Below is the core implementation, which can be copied into the respective files. The component expects a JSON string as input provided by the YOLO Executor component, projects bounding boxes into 3D based on camera height and field of view, and outputs a CartesianState for robot control.

yolo_to_marker.py

import state_representation as sr
from modulo_components.lifecycle_component import LifecycleComponent
from std_msgs.msg import String
from modulo_core import EncodedState
import clproto
import json
import numpy as np

from rclpy.duration import Duration
from copy import deepcopy

class YoloToMarker(LifecycleComponent):
    def __init__(self, node_name: str, *args, **kwargs):
        super().__init__(node_name, *args, **kwargs)
        # inputs
        self.json_input = ""
        self.add_input("json_input", "json_input", String)

        # outputs
        self._marker_pose = sr.CartesianPose("object", "camera_frame") #pose with name object, referenced to camera frame
        self.add_output("marker_pose", "_marker_pose", EncodedState)

        # parameters
        self.to_find = 'person'
        self.fov = [69, 42]
        self.image_size = [480, 840]
        self.object_distance = 0.6
        
        self.add_parameter(sr.Parameter("to_find", 'person', sr.ParameterType.STRING), "thing to find and track")
        self.add_parameter(sr.Parameter("fov", [69.0, 42.0], sr.ParameterType.DOUBLE_ARRAY), "Camera FoV in X")
        self.add_parameter(sr.Parameter("image_size", [480, 840], sr.ParameterType.DOUBLE_ARRAY), "Size of image (pixels)")
        self.add_parameter(sr.Parameter("object_distance", 0.6, sr.ParameterType.DOUBLE), "Target position (Z)")
    
    def on_configure_callback(self) -> bool:
        # configuration steps before running
        self.fov = self.get_parameter_value("fov")
        self.fov = np.radians(np.asarray(self.fov))

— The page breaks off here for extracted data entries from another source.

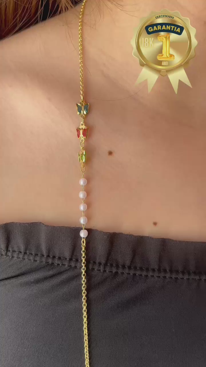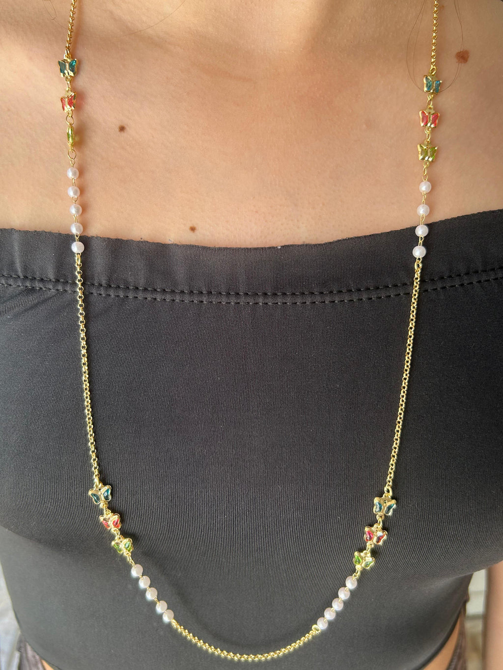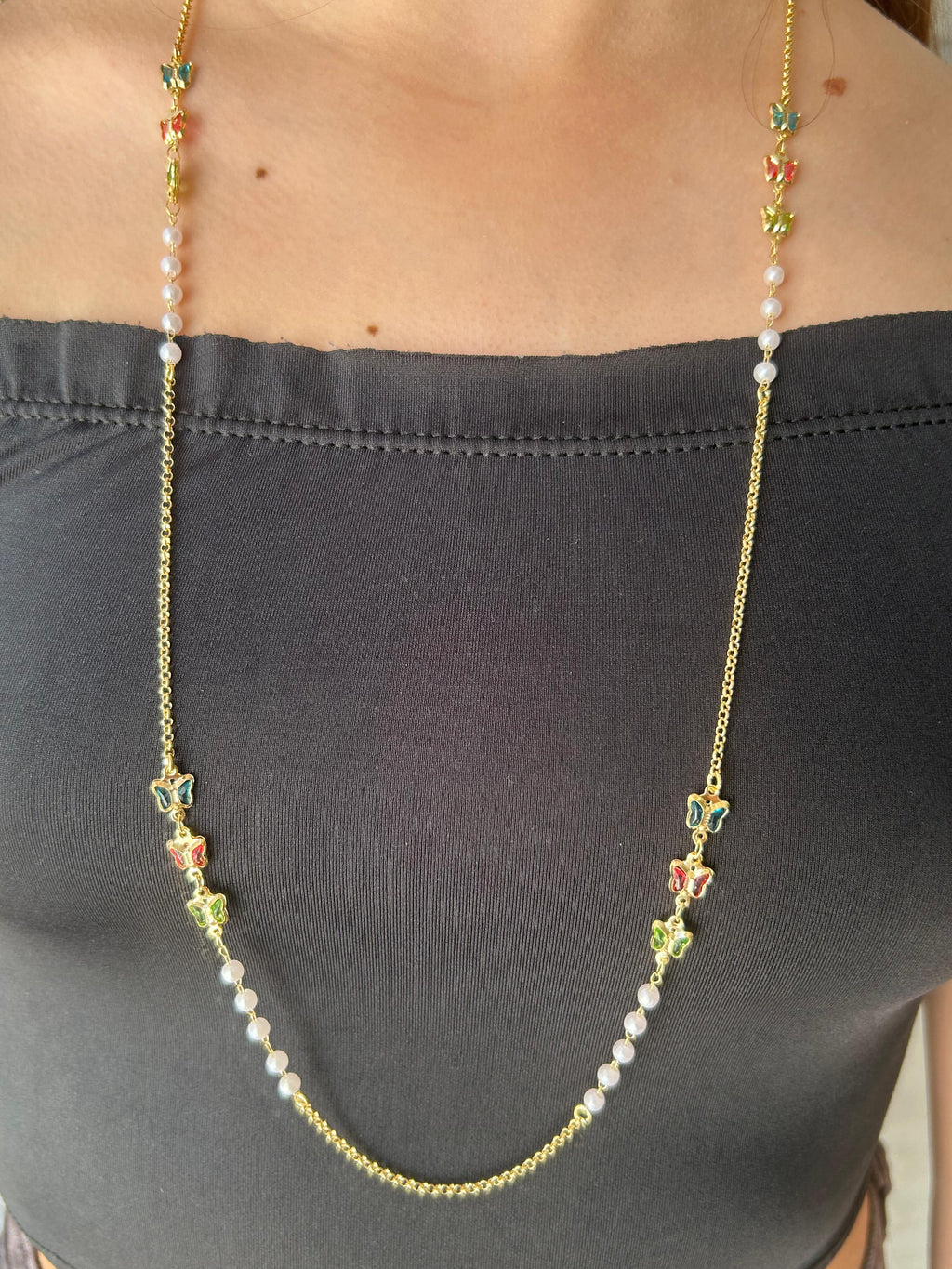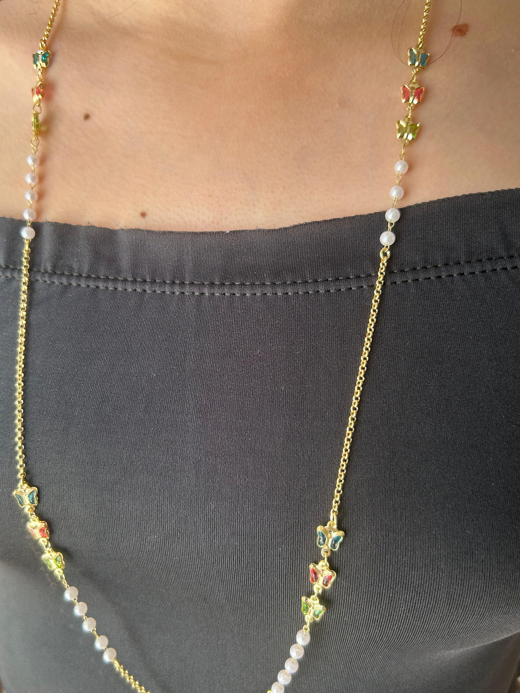 Colar e pulseira banhado em ouro 18k com delicadas borboletas coloridas e detalhes em pérolas. Design romântico e encantador para compor looks com leveza e sofisticação.
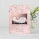 PixDezines Une étoile est née, cartes faire-part, avec l'or rose VÉRITABLE bokeh arrière - plan et des étoiles scintillantes pour accueillir votre nouvel ajout. Collage photo sur le côté inversé. Nous avons accentué avec un script manuscrit amusant et moderne. Idéal pour les annonces de naissance de bébé d'hiver. Copyright © 2017-2018 PixDezines™. Tous droits réservés.
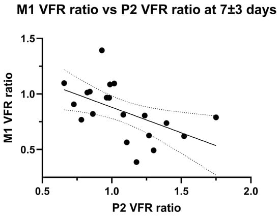 Linear negative correlation between M1 VFR ratio and P2 VFR ratio in late (7 ± 3 days) measurements. Note that two outliers were excluded (>third quartile + 1.5 × inter-quartile range, p = 0.07 with outlier inclusion).
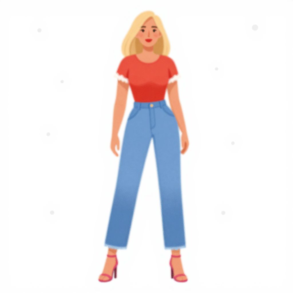 Digital illustration of a blonde woman with red shirt, blue high-waisted pants, and pink sandals, standing against a white background.

        self.object_distance = self.get_parameter_value("object_distance")
        return True

    def __centre_pt_to_position(self, xy):
        # function to find find the 3d position of an object based on position in the image.
        image_size = np.asarray(self.image_size)
        ratio = np.clip((xy - image_size / 2) / (image_size / 2), -1, 1)

        position = ratio * self.object_distance * np.tan(self.fov/2)    

        position = (np.append(position, self.object_distance)).reshape((3,1))
        return position
    
    def on_step_callback(self):
        try:
            data = json.loads(self.json_input)['detections']
            # self.get_logger().info(data)

            position = {}
            for i, detection in enumerate(data):
                centre_of_bbox = np.asarray([
                    (detection['x_min'] + detection['x_max']) / 2,
                    (detection['y_min'] + detection['y_max']) / 2
                ])
                position_key = f"{detection['class_name']}"
                position[position_key] = self.__centre_pt_to_position(centre_of_bbox)
            
            self.get_logger().info(f'{position}')   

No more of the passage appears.